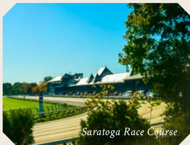
Saratoga Race Course
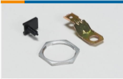
Other Automotive Connector Accessories(31)
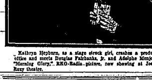
Katharine Hepburn At Joe-K's Roxy
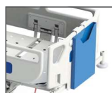
Modular Chart Holder

▶ [TRY IT]: The listing above must be printed again exactly, minus its pictures.

▶ [ANSWER TO THIS EXERCISE]:
Saratoga Race Course
Other Automotive Connector Accessories(31)
Katharine Hepburn At Joe-K's Roxy
Modular Chart Holder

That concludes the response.